:: Prompt ::
Apart from the images, the entire listing below must be restated word for word.

:: Data block ::
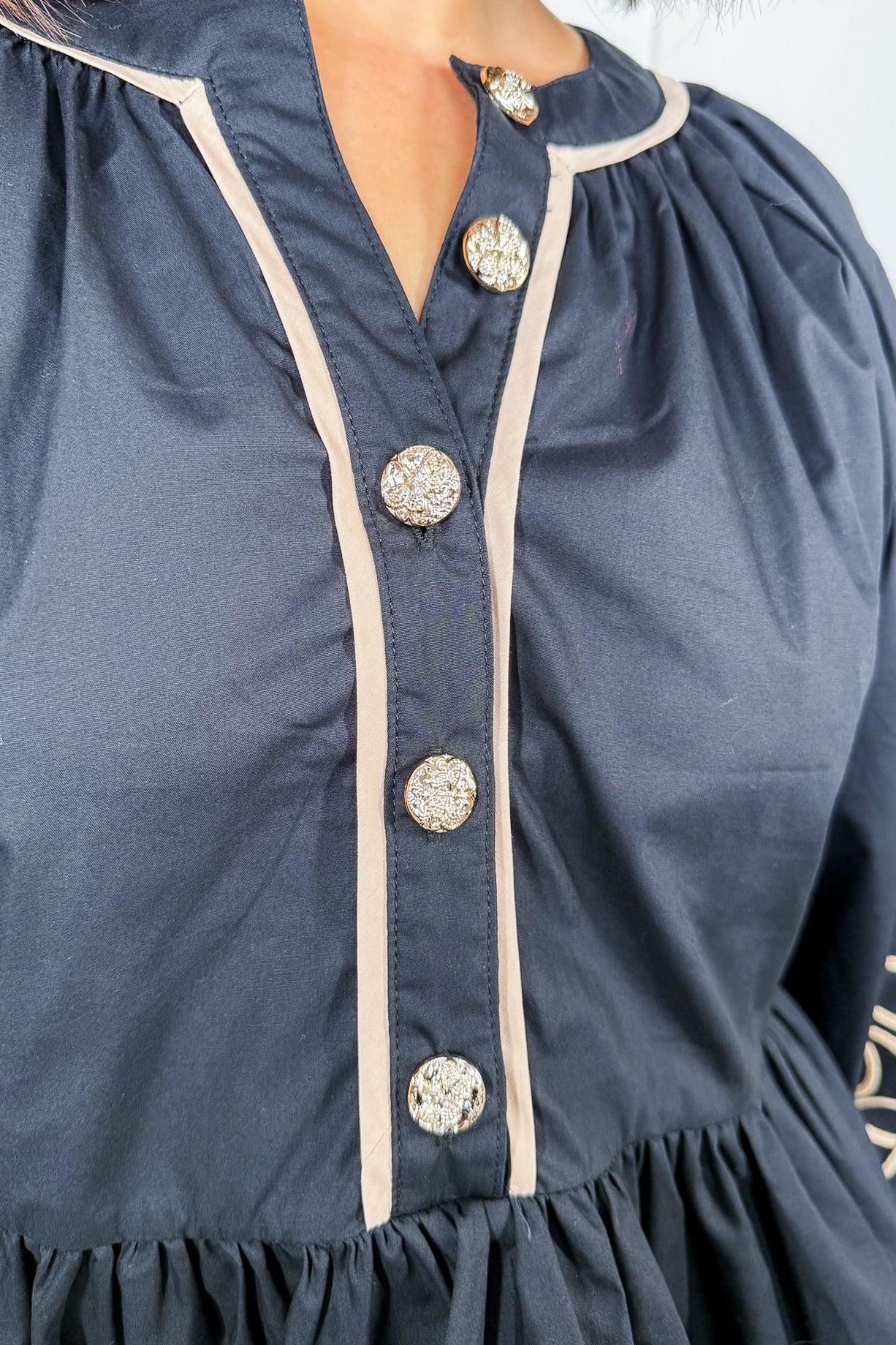 Elevated meets effortlessly chic. This black top features a flattering peplum-inspired silhouette, gold piping along the neckline, and ornate gold embroidery trailing down the sleeves. Dressy enough for date nights and holiday events, yet easy enough to pair with denim — it’s the perfect statement blouse for any wardrobe.
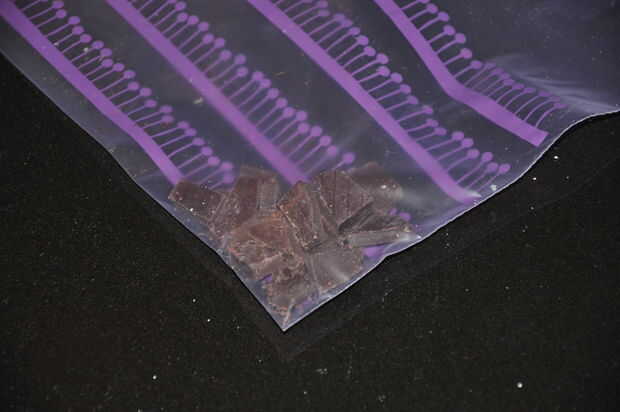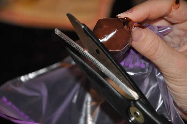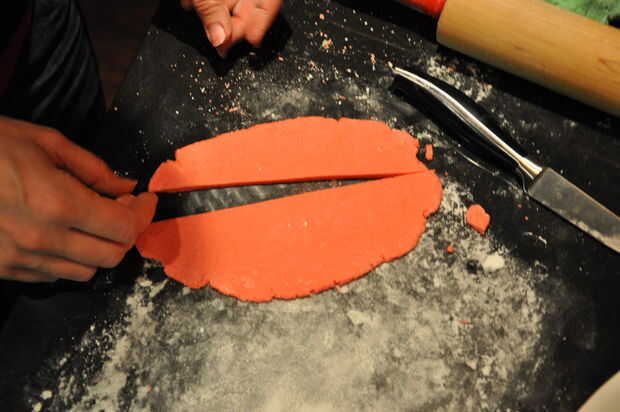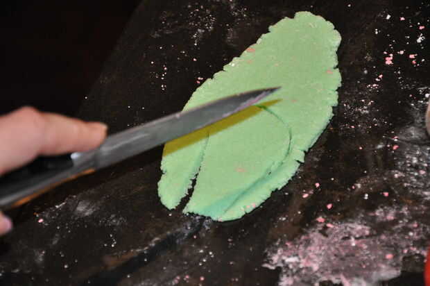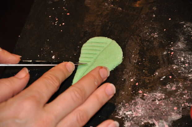 Forma de exceso mazapán verde en las hojas. Corte una tira de gota en forma de lágrima en forma de una hoja. Presione suavemente el cuchillo medio camino a través de la hoja para crear las venas.
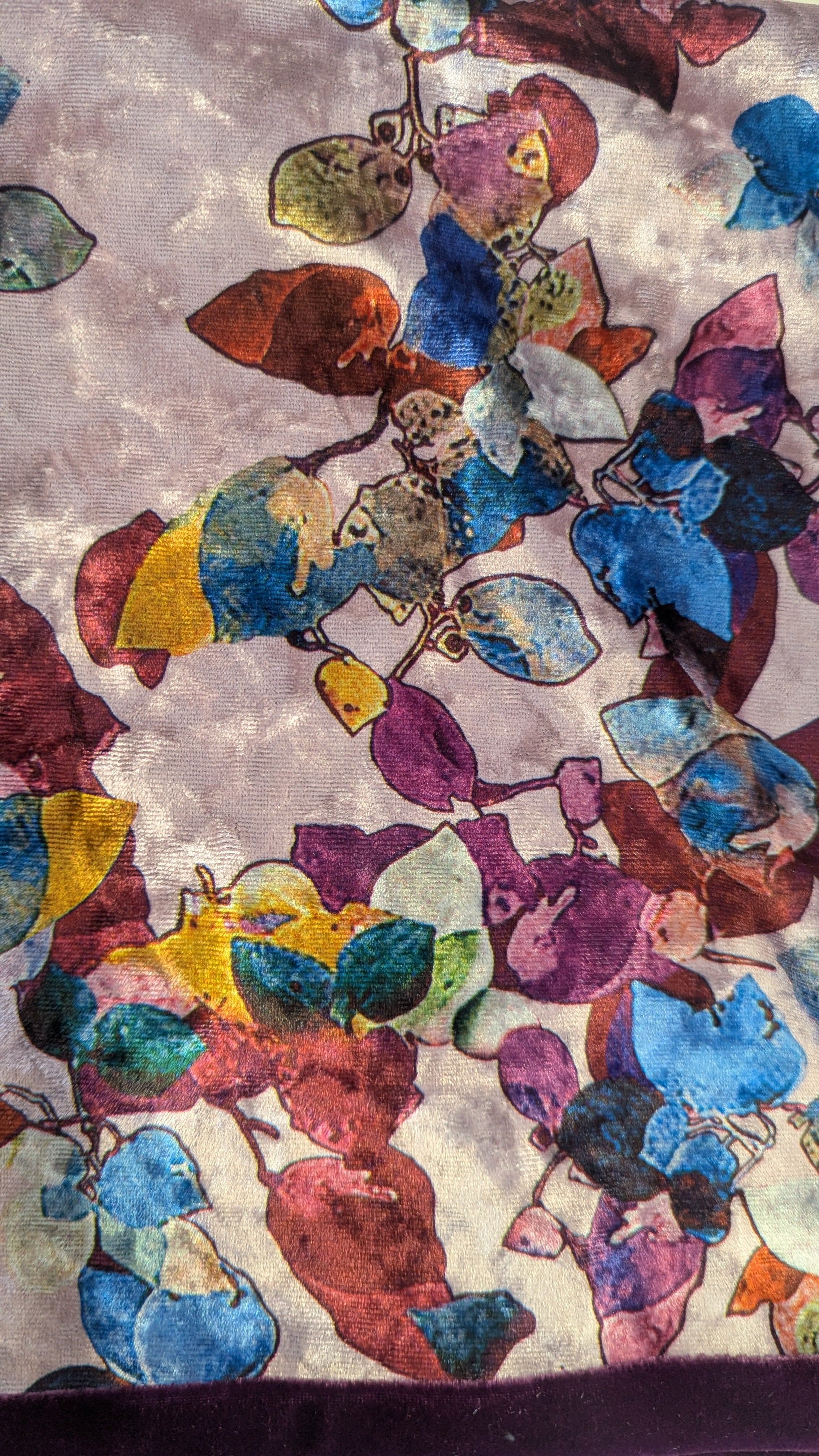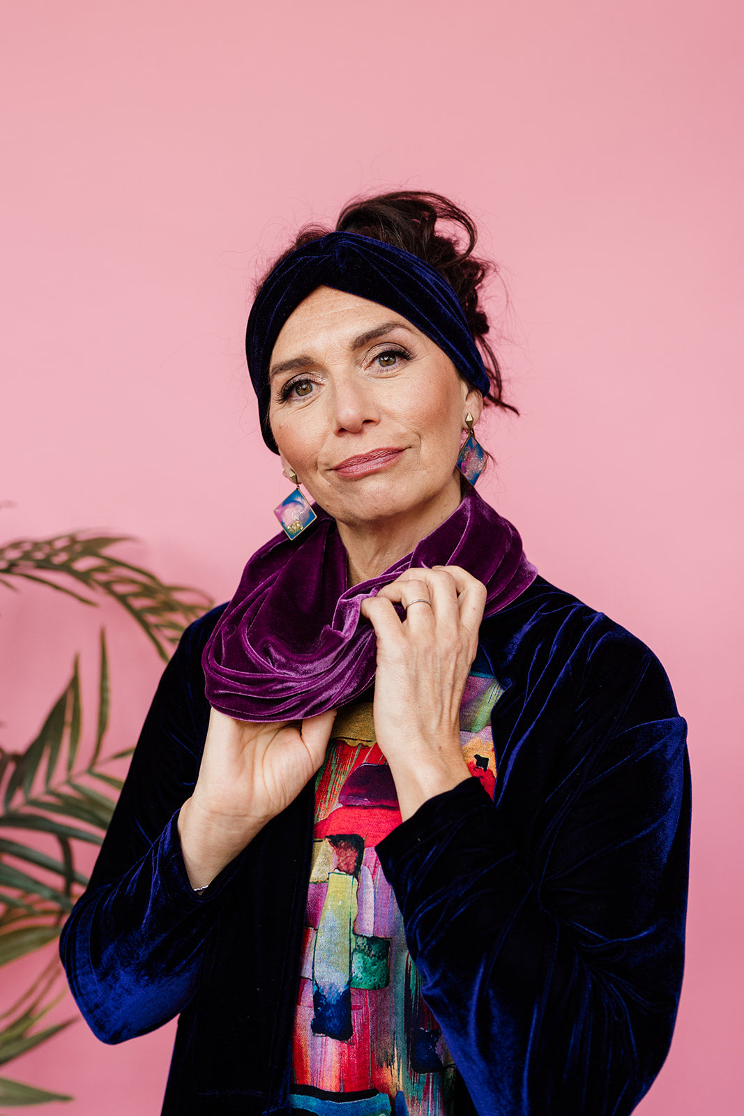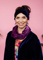 Velvet cowl in a gorgeous plum colour. Fits over the head like a snood to drape beautifully around the neck. Matching wrist warmers also available.

:: Response to the exercise ::
 Elevated meets effortlessly chic. This black top features a flattering peplum-inspired silhouette, gold piping along the neckline, and ornate gold embroidery trailing down the sleeves. Dressy enough for date nights and holiday events, yet easy enough to pair with denim — it’s the perfect statement blouse for any wardrobe.
 Forma de exceso mazapán verde en las hojas. Corte una tira de gota en forma de lágrima en forma de una hoja. Presione suavemente el cuchillo medio camino a través de la hoja para crear las venas.
 Velvet cowl in a gorgeous plum colour. Fits over the head like a snood to drape beautifully around the neck. Matching wrist warmers also available.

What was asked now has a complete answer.